Pandion employs a rigorous investment process designed to source quality investments while mitigating investment risk. Prior to initiating any transaction, diligence is conducted on a target’s mines, geographic location, management teams, as well as financial history and performance. The Fund invests primarily in North America, Brazil, Chile, Peru, Australia, Finland and other Rule of Law jurisdictions, and focuses on companies with mining assets that are currently in or nearing the production phase. The Fund also utilizes the services of industry consultants to assist in the initial and ongoing diligence processes. The principal investment strategy of using the PPMA itself provides a level of risk mitigation. The Firm seeks priority liens on the metal forward transactions and the inherent structure of the instrument provides a built-in-exit that serves to limit liquidity risk. Furthermore, where relevant and cost-efficient to do so, the Fund may seek to reduce market risk by employing a variety of hedging techniques, including the purchase or sale of, among other things, securities, options, future contracts, and/or other derivative products. Certain Material Risks Investing in securities generally, and investing in the Fund, involves substantial risk of loss that investors should be prepared to bear. The task of identifying investment opportunities and managing private equity investments is difficult. There can be no assurance that the Fund will be able to make and/or realize any particular investment or that the Fund will be able to generate returns for their investors. The marketability and value of any such investments will depend upon many factors beyond the control of the Fund. In addition, there can be no assurance that any investor will receive any distribution from the Fund.

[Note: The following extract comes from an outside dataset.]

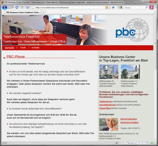 Mit den Angeboten "Telefonservice Frankfurt" und "Geschäftsadresse Frankfurt" präsentieren die PBC Pfeiffer Business Center auf zwei neuen Internetseiten ein reiches Angebot an Tarifen und Optionen: Beim Telefonservice für Firmen, einem virtuellen Telefonsekretariat, nehmen geschulte Sekretärinnen die Anrufe für den Kunden entgegen. Ebenso können Unternehmen eine exklusive Firmenadresse in Frankfurt anmieten, auf Wunsch mit zusätzlichem Büroservice und Service-Leistungen wie Telefonweiterleitung, Postservice oder Konferenzraum-Miete. Dieses Angebot ist ideal auch für einen zweiten Firmensitz oder für ausländische Firmen, die eine Niederlassung in Deutschland gründen wollen.

Portfolio investments may be affected by force majeure events (i.e., events beyond the control of the party claiming that the event has occurred, including, without limitation, acts of God, fire, flood, earthquakes, outbreaks of an infectious disease, pandemic or any other serious public health concern, war, terrorism, labor strikes, major plant breakdowns, pipeline or electricity line ruptures, failure of technology, defective design and construction, accidents, demographic changes, government macroeconomic policies, social instability, etc.). Some force majeure events may adversely affect the ability of a party (including a portfolio company or a counterparty to a Fund or a portfolio company) to perform its obligations until it is able to remedy the force majeure event. In addition, forced events, such as the cessation of the operation of machinery for repair or upgrade, could similarly lead to the unavailability of essential machinery and technologies. These risks could, among other effects, adversely impact the cash flows available from a portfolio company, cause personal injury or loss of life, damage property, or instigate disruptions of service. In addition, the cost to a portfolio company or a Fund of repairing or replacing damaged assets resulting from such force majeure event could be considerable. Force majeure events that are incapable of or are too costly to cure may have a permanent adverse effect on a portfolio company. Certain force majeure events (such as war or an outbreak of an infectious disease) could have a broader negative impact on the world economy and international business activity generally, or in any of the countries in which Funds may invest specifically. Additionally, a major governmental intervention into industry, including the nationalization of an industry or the assertion of control over one or more portfolio companies or its assets, could result in a loss to a Fund, including if the investment in such portfolio companies is canceled, unwound or acquired (which could be without adequate compensation). Any of the foregoing may therefore adversely affect the performance of a Fund and its investments.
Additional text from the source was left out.